Given data –

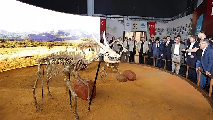 Başkan Dr. Memduh Büyükkılıç, Adalet Bakanı Yılmaz Tunç ve beraberindeki heyete Kültepe Ziyaretçi Merkezi'ni tanıtarak 7,5 milyon yıllık fosiller sergisini gezdirdi.
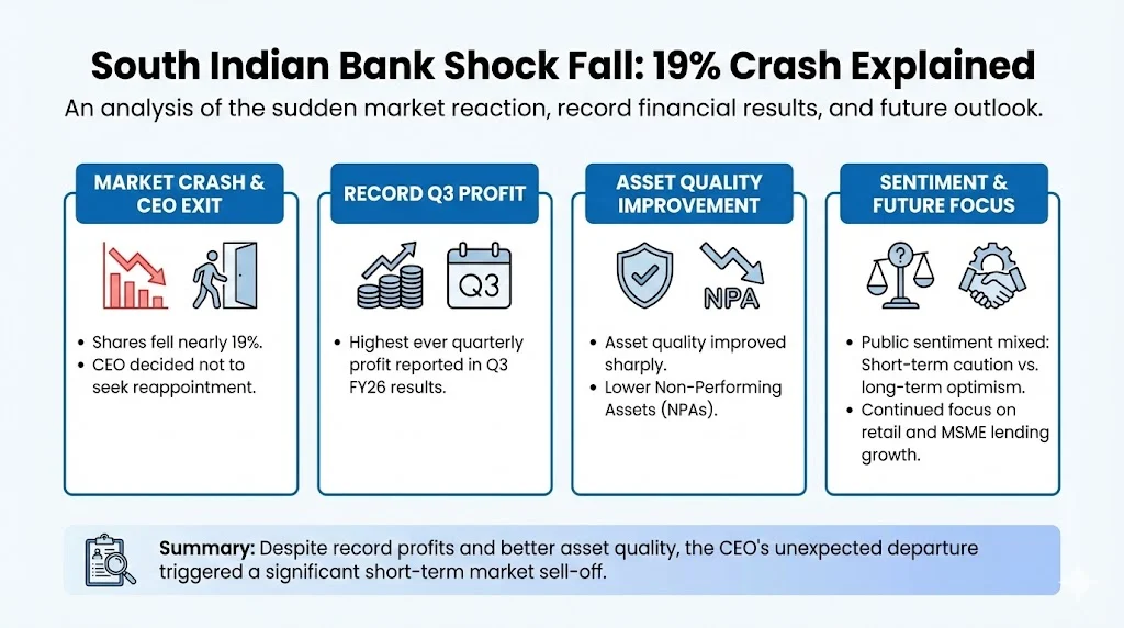 South Indian Bank’s sharp fall on January 30, 2026, was driven mainly by the announcement of the CEO stepping down after his term. This news overshadowed strong Q3 results and improvements in asset quality.
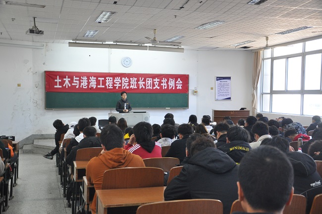 为进一步做好各项学生工作,在新的一年开好局、起好步,3月17日下午,土木与港海工程学院在教学主楼102召开新学期学生干部会议,学院党委副书记钱汉珍、学工办全体辅导员、各班级主要学生干部参加会议。郭利主持会议。

Your assignment –
Write the data above out exactly. Leave out any pictures.

Your response –
 Başkan Dr. Memduh Büyükkılıç, Adalet Bakanı Yılmaz Tunç ve beraberindeki heyete Kültepe Ziyaretçi Merkezi'ni tanıtarak 7,5 milyon yıllık fosiller sergisini gezdirdi.
 South Indian Bank’s sharp fall on January 30, 2026, was driven mainly by the announcement of the CEO stepping down after his term. This news overshadowed strong Q3 results and improvements in asset quality.
 为进一步做好各项学生工作,在新的一年开好局、起好步,3月17日下午,土木与港海工程学院在教学主楼102召开新学期学生干部会议,学院党委副书记钱汉珍、学工办全体辅导员、各班级主要学生干部参加会议。郭利主持会议。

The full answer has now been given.